そして、はっとしたように取り繕ったすまし顔。
「んっんっ、いやいや、回収よ回収? マナカ先輩の代わりにユキメが代わりに回収しといてあげるだけ」
もちっこ『いいんじゃない?』
カシス『なんか今悪い顔して無かった?』
骨ロック『企んでるな』
「なんにも企んでないですけどぉ⁉ 人聞き悪いなぁ。ただ……返してほしかったら、わかるな? 誠意ってなにかね? ってやつぅ。これいいんじゃない?」
青いゲリラ『あ』
ケツパジェロ『マジか』
ひろし『これ、エッチなことさせるやつですね! わかります!』
もちっこ『いいよいいよーそういうの見たい見たい』
長生き『人ってホント下衆いなぁ』
「下衆い言うな! ただの善意でしょぉ? あーやだやだ、なんでも悪くとらえる心の貧しい人ばっか! 大体、回収するんだってただじゃないんですからねぇ? その対価を貰っても当然だよねぇ?」
ユキメは開き直る。
びよーん『勇者とは』
はちみつ『まあ慈善事業じゃないしな』
「そうそう! こちとら慈善事業で勇者やってるわけじゃないんでねぇ?」
びよーん『いや、勇者は慈善事業だろ』
53万『あなたはなにを言っているんですか?』
デンタル『しっかりして』
ひろし『そんなことよりエッチな話しようぜ!』
もちっこ『で、雷針の代わりに、なにをさせたいわけ?』
そこでなにを想像したのか、ユキメの口調が弾んだ。
「なにをさせるかってぇ? そりゃあ、もちろんあれよ!」
ケツパジェロ『配信できる内容なのか……?』
青いゲリラ『青少年も見ていることを忘れるな』
ひろし『みんなの前で恥ずかしい目に遭う系のアレをお願いします!』
「マナカ先輩もぼっちなんでしょぉ? んじゃあさ……剣を渡す代わりに今度コラボしてって言ったら聞いてくれると思わん?」
闇姉妹『ん?』
ケツパジェロ『コラボ?』
青いゲリラ『マナくんと一緒に配信する、と?』
ひろし『女の子2人でしかできない配信……ってことは!?』
はちみつ『そんなの別に雷針を人質にしなくてよくない?』
「ん、まあ、これが最初の一歩でさぁ……そのぉ、なんどかコラボしていければ、いいなぁって思うんだよね。

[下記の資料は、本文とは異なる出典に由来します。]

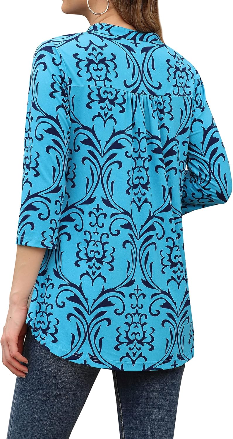 3/4 Sleeve Tops for Women Dressy Work Office Shirts Ladies Loose Flowy Tunics
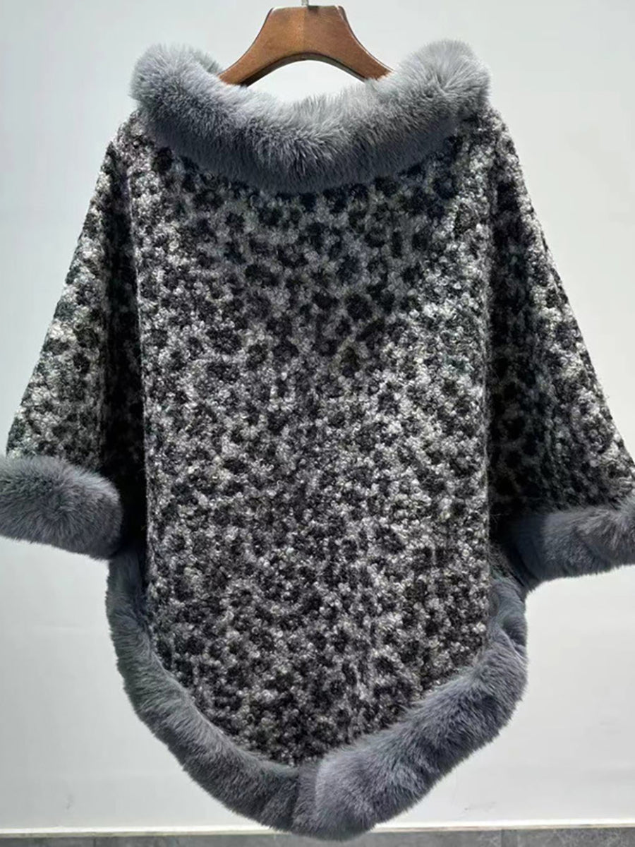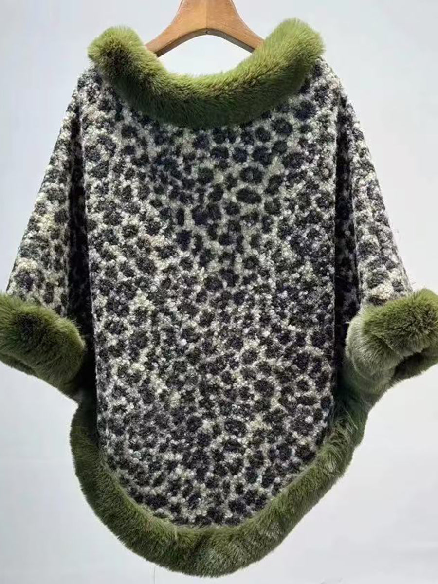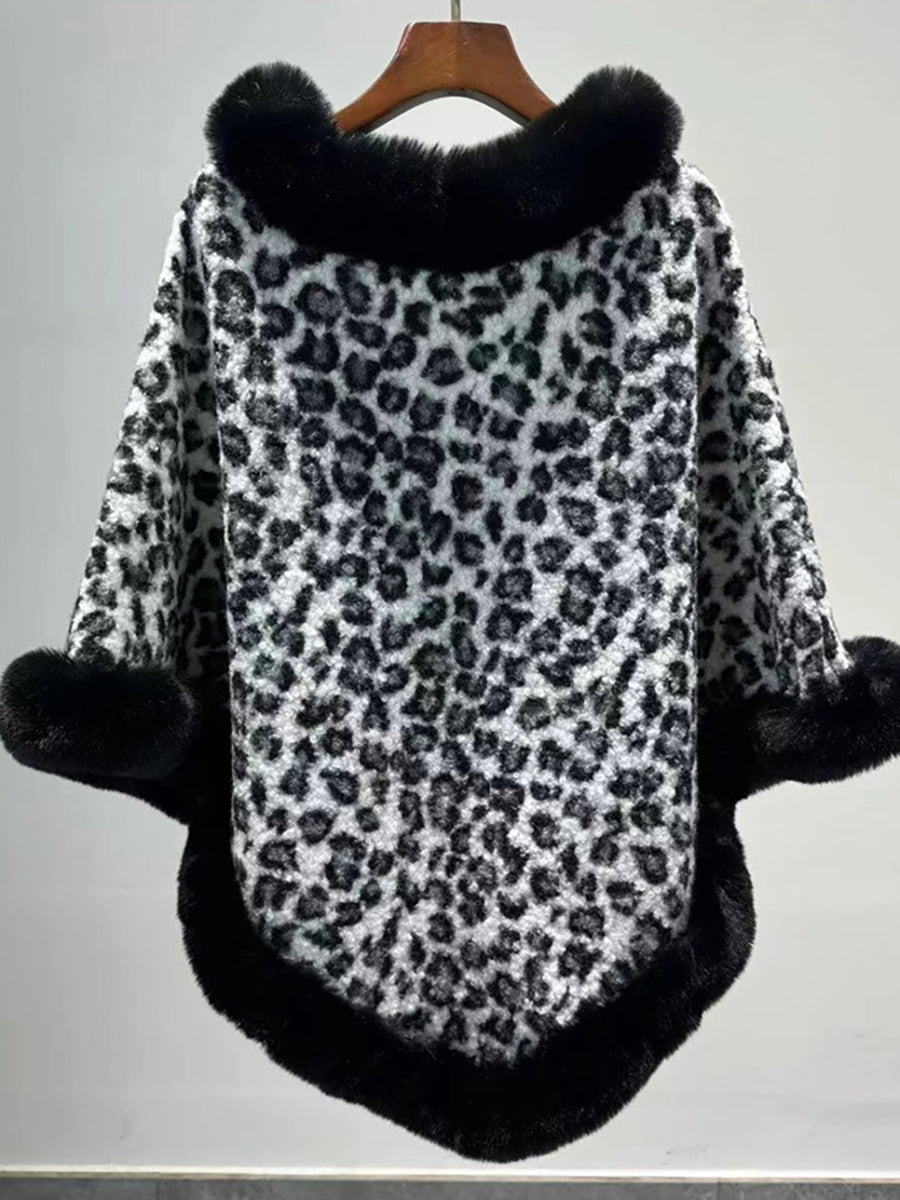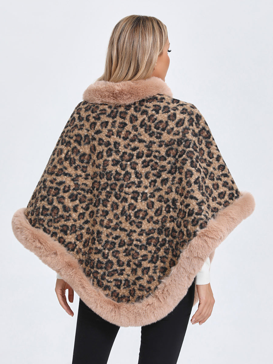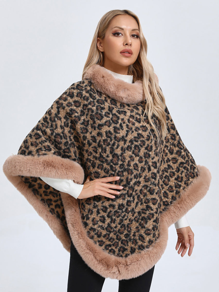 Wrap yourself in cozy elegance with this Leopard Print Faux Fur Trim Knitted Poncho Shawl. Its soft knitted fabric ensures warmth. while the stylish faux fur trim adds a touch of fierce sophistication. Perfect for layering. this poncho effortlessly elevates any outfit. combining comfort and trend-setting design for a chic. confident look wherever you go.
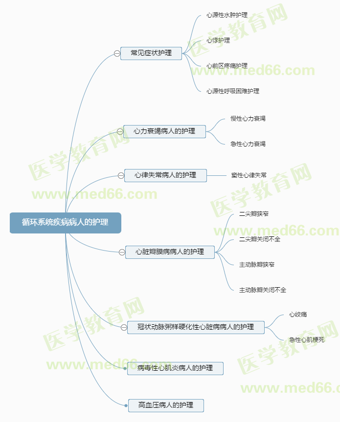 以上关于“【考点归纳】循环系统疾病病人的护理思维导图”的文章由医学教育网小编整理搜集,希望可以帮助到大家,更多2022初级护师考试热点资讯请随时关注医学教育网卫生资格栏目!
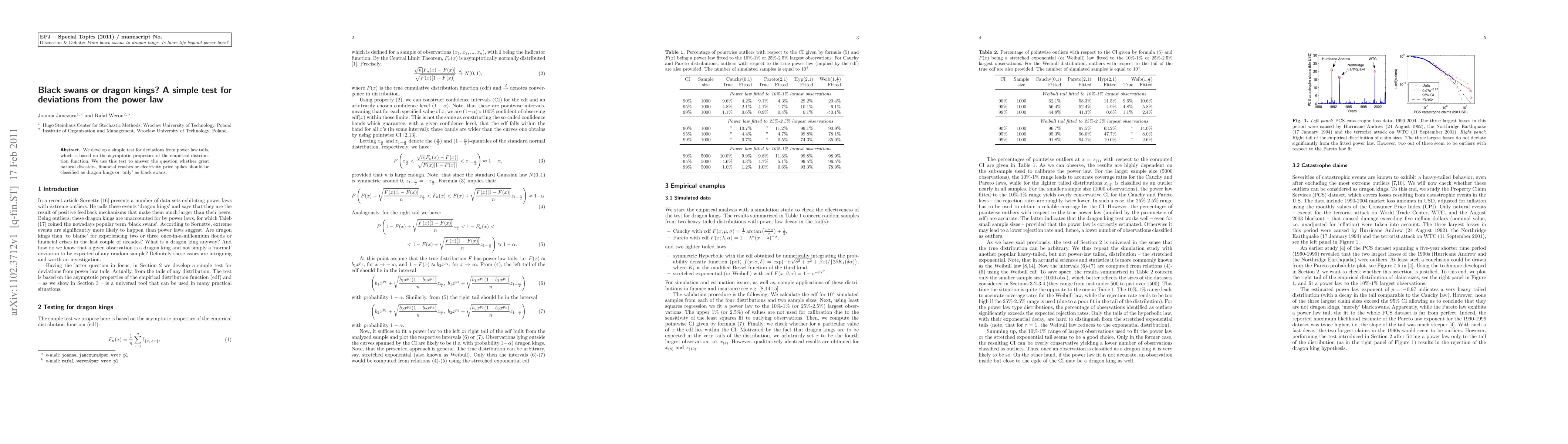 Summary: This paper introduces a straightforward test to detect deviations from power law distributions, using the empirical distribution function's asymptotic properties. It applies this test to determine if extreme events like natural disasters and financial crashes are best described as "dragon kings" or merely "black swans."
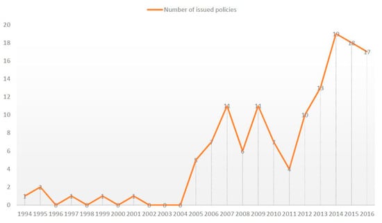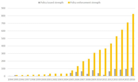 Research on the effect of policy should avoid an analysis that considers only the perspective of the policy instrument. Rather, an acceptable analysis should combine several aspects, such as policy strength, policy objective, and the policy-issuing department. Breslin [] quantified central and local governments’ foreign direct investment policies from 1978 to 2000, and empirically studied the effectiveness of China’s foreign direct investment policies on the basis of the policy measures dimension. However, the selection of policy measures was limited and the study did not consider policy strength. Huang [] analyzed the historical evolution of China’s 1980–2005 innovation policy on the basis of policy strength and policy type. However, the study was only a descriptive statistical analysis of innovation policy, and it did not involve a study of policy content. Peng et al. [] quantified China’s technological innovation policy on the basis of policy strength, policy measure, and policy objective, and studied the evolution path and performance of China’s technological innovation policy. Wang et al. [] combined policy content with policy strength in their research of China’s wind power industry policy, and considered policy departments and the form of policy formulation.
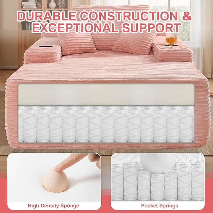 - Reliable Support: The cushion of the recliner bed combines high-performance pocket springs and high-density foam, which effectively disperses pressure and preventing deformation, ensuring long-lasting durability and excellent support. The doll cotton wrapped inside the pillows greatly improves the comfort.
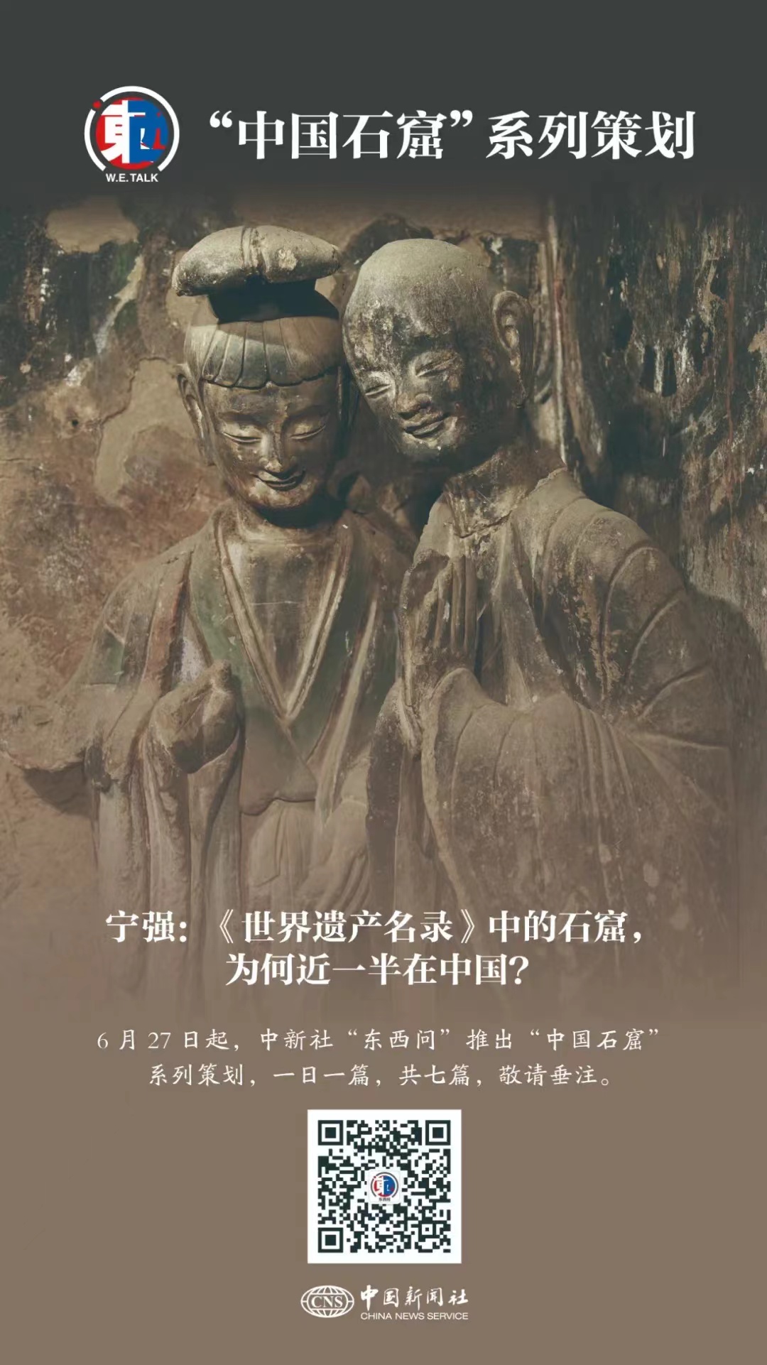 石窟,凝結人類智慧,匯聚多元文化,記錄文明交流。作為石窟遺產大國,中國石窟璀璨如繁星,散落中華大地,串聯(lián)中華文明發(fā)展足跡,勾勒中外文化交流圖景。中新社“東西問”自6月27日起特推出“中國石窟”系列策劃,帶讀者穿越古今,一眼千年,領略中國石窟之美,洞見文明互鑒之光。

ほら、ユキメ、魔法職やん? マナカ先輩は、まあ、魔法戦士っぽい中二臭いけど一応前衛やん? それなりに相性いいと思うんだよ。ねえ?」
もちっこ『もっとえぐいことさせるんじゃないの?』
おまえら『陰キャにコラボさせるとかえぐいやん』
カスタム二郎『お互い話すことなくて放送事故になるやつか? いたたまれねえ……』
塩辛『普通にコラボに誘えば?』
「……いや、コラボに誘うにしてもきっかけがないと誘いにくくなぁい? それに普通に誘って断られたら……キツイでしょぉ? だからさ、丁度いいかなぁって、ユキメが横から雷針を回収しちゃってマナカ先輩の拒否権なくしちゃえば安心よね?」
カシス『うわ』
kj『マジで言ってる?』
塩辛『ユキメちゃんの心配もわかるよ』
もちっこ『ああ、この杞憂の仕方は陰キャですわ』
リスナー達は思い思いのコメントを上げていく。